If you get the regular T you can run a line to a point, hit the T, then split it off to two nozzles. Honestly, a lot of it depends on how you are going to run the lines around lights and such.


----------



## suztor (Aug 14, 2011)

Thanks for all the help everyone!

I put my order in today and ended up going with:
x1 Starter Kit which includes 1 nozzle
x1 Tube clips (10 pieces)
x1 Zipdrip
x2 plug in elbows (for the modification)
x1 T Double nozzle
x1 Double nozzle conversion.


so I'll have 2 doubles set up equidistant from the sides.

Thanks again, I'll post pics if anyone wants to see the results once they come in!


----------



## J Teezy (Jan 25, 2012)

for about the same price you could get the ultimate package which comes with the zip drip and the clips, better pump, and more


----------



## suztor (Aug 14, 2011)

Oh well, too late now! 

I don't really need a better pump since its clearly stated that bigger isn't better in that case.
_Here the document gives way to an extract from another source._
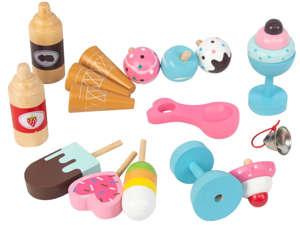 • ice cream, ice cream on a stick, in a cone, with a scoop, with a magnet, with a roof, with a handle, mini ice cream parlor, cold sweets, sweets, confectioner, ice cream stand, pastel trolley, ice cream making set

You just get a noisier pump because of back pressure. And I don't really plan on having racks of frogs. Even if I upgrade this viv to a bigger one or I get a second one I'm still covered.

So, really, it fits my needs perfectly!



sent from my incredible...mind


----------



## suztor (Aug 14, 2011)

Man its driving me nuts that I don't have any tracking information!

sent from my incredible...mind


----------



## J Teezy (Jan 25, 2012)

the bigger pump isn't noisy at all. The only thing you can hear when the system turns on is the mist spraying


----------



## nonliteral (Mar 26, 2012)

...unless you've left the tubing loose where it can rattle against the glass


----------



## suztor (Aug 14, 2011)

I finally got.my mist system in today just to find out a 5/8ths glass bit is impossible to find in this tiny town! 

So I just ordered it online. I can't wait to set up my system! 

My plan is to use a 2.5 gallon tank as my resvoir, do you think that is too small? It's what fits in the space I have. How much water does the system move ?

~Sue


----------



## carola1155 (Sep 10, 2007)

As long as you keep an eye on it that should be enough of a reservoir... Bigger would be better though.

Also, you may want to black out most of sides of the tank to block light from causing algae growth.


----------